- Theatrical poster
- Directed by: T. Rama Rao
- Screenplay by: Acharya Aatreya
- Story by: Yaddanapudi Sulochana Rani
- Produced by: D. Rama Naidu
- Starring: Sobhan Babu Krishnamraju Vanisree Chandramohan Lakshmi
- Cinematography: S. Venkataratnam
- Music by: J. V. Raghavulu
- Production company: Suresh Productions
- Release date: 20 April 1973;
- Country: India
- Language: Telugu

= Jeevana Tarangalu =

Jeevana Tarangalu is a 1973 Indian Telugu-language drama film directed by T. Rama Rao. The film stars Sobhan Babu, Krishnam Raju, Vanisri, Chandramohan, and Lakshmi. It is based on a novel by Yaddanapudi Sulochana Rani, and won three Filmfare Awards South. It was remade in Tamil as Thirumangalyam (1974), in Hindi as Dil Aur Deewaar (1978), and in Kannada as Mangalya (1991).

== Plot ==
Venu Gopala Rao (Gummadi) and Savitri (Sriranjani) are a couple with two children, Roja (Vanisri) and Chandu (Krishnam Raju).

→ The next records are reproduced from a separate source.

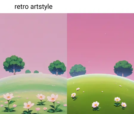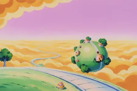 tree- 生成典型的气球状树木。hill- 尝试生成小坡地。plateau- 我不确定它是否有效,但我的本意是生成《龙珠》中常见的那种地面柱状结构(它既不是山丘也不是山峰,观看 DBZA 你就知道区别了)。但因为它不是 booru 标签,我怀疑其效果可能是安慰剂效应。mountain- 生成比 hill 更大的坡地或背景中的山脉。ocean, river, island- 无需解释。building- 生成那美克星风格的建筑。village- 尝试生成聚落,但也不是好的 booru 标签,建议使用权重控制。
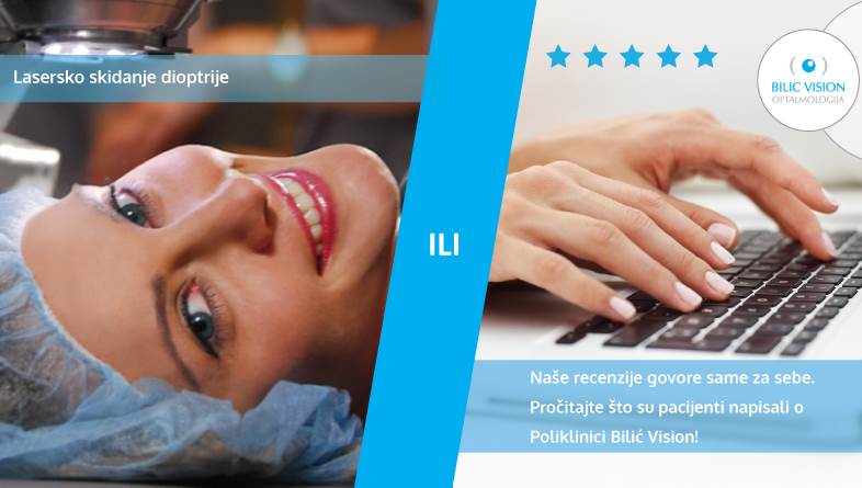 Poliklinika Bilić Vision postoji preko 20 godina i do danas joj je povjerenje dalo više od 100.000 pacijenata. Budite i vi jedan od njih i zauvijek se riješite naočala i kontaktnih leća u Poliklinici Bilić Vision. Na pregled za lasersko skidanje dioptrije naručite se još danas pozivom na 01/4678-444 ili se javite putem weba: https://bilicvision.hr/.
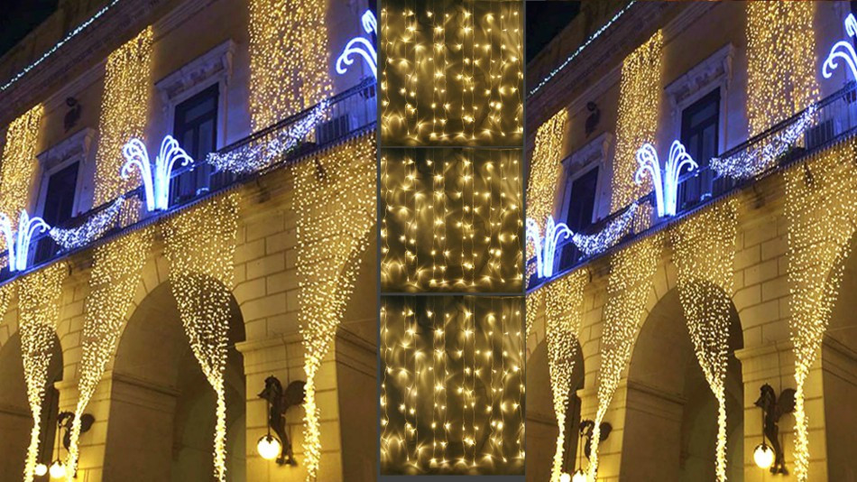 - Instalatii luminoase perdea pentru sarbatori sau evenimente speciale: botezuri, nunti, targuri - ce amintesc de povesti si basme, pentru impodobire cladire intreaga sau interioare mari, putand fi utilizate inclusiv pt impodobirea brazilor maxi din exterior ( primarii, case private, etc)
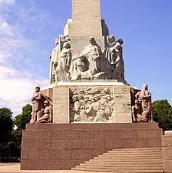 Sur les côtés, les panneaux de travertin portent deux bas-reliefs : « 1905 » (7 ; letton : 1905.gads) en référence à la Révolution russe de 1905, et « La bataille contre les Bermontiens sur le Pont de Fer » (8 ; letton : Cīņa pret bermontiešiem uz Dzelzs tilta, en référence à une bataille décisive à Rīga durant la guerre d'indépendance lettone. Au dos du monument, l'on retrouve deux autres ensembles sculpturaux : « Famille » (12 ; letton : Ģimene) (une mère se tenant entre ses deux enfants) et « Intellectuels » (11 ; letton : Gara darbinieki)[6]. Sur le socle de granit rouge, il y a encore un autre bloc rectangulaire de 6 m de haut et de large et de 7,50 m de long entouré de quatre ensembles sculpturaux de granite gris de 5,50 m - 6 m de haut : « Lettonie » (2 ; letton : Latvija), « Lāčplēsis » (3 ; Tueur d'ours, héros populaire d'une épopée lettone), « Vaidelotis » (5 ; un prêtre païen balte) et « les Briseurs de chaînes » (4 ; letton : Važu rāvēji) (trois hommes enchaînés essayant de se libérer de leurs entraves)[10].

But unfortunately, Venu Gopala Rao has an affair with another woman and leaves his family and children to marry her. He has two children from the second wife, namely Lavanya (Lakshmi) and a polio-affected younger daughter. Savitri faces a lot of insults from her brother and sister-in-law (Raavi Kondala Rao, Suryakantham) and lives with them because she has no shelter. Roja teaches music and Chandu is a spoiled brat who joins a theft group with an alias name, James. Meanwhile, Venu Gopala Rao's sister (Santakumari) is a rich woman and her stepson Vijay (Sobhan Babu) is a lawyer by profession and a responsible citizen at heart. Her own son Ananth (Chandramohan) is a laid-back person. Though he is good-natured, but irresponsible. Venu Gopala Rao's sister bestows Ananth's responsibility on Vijay and also gives him her property.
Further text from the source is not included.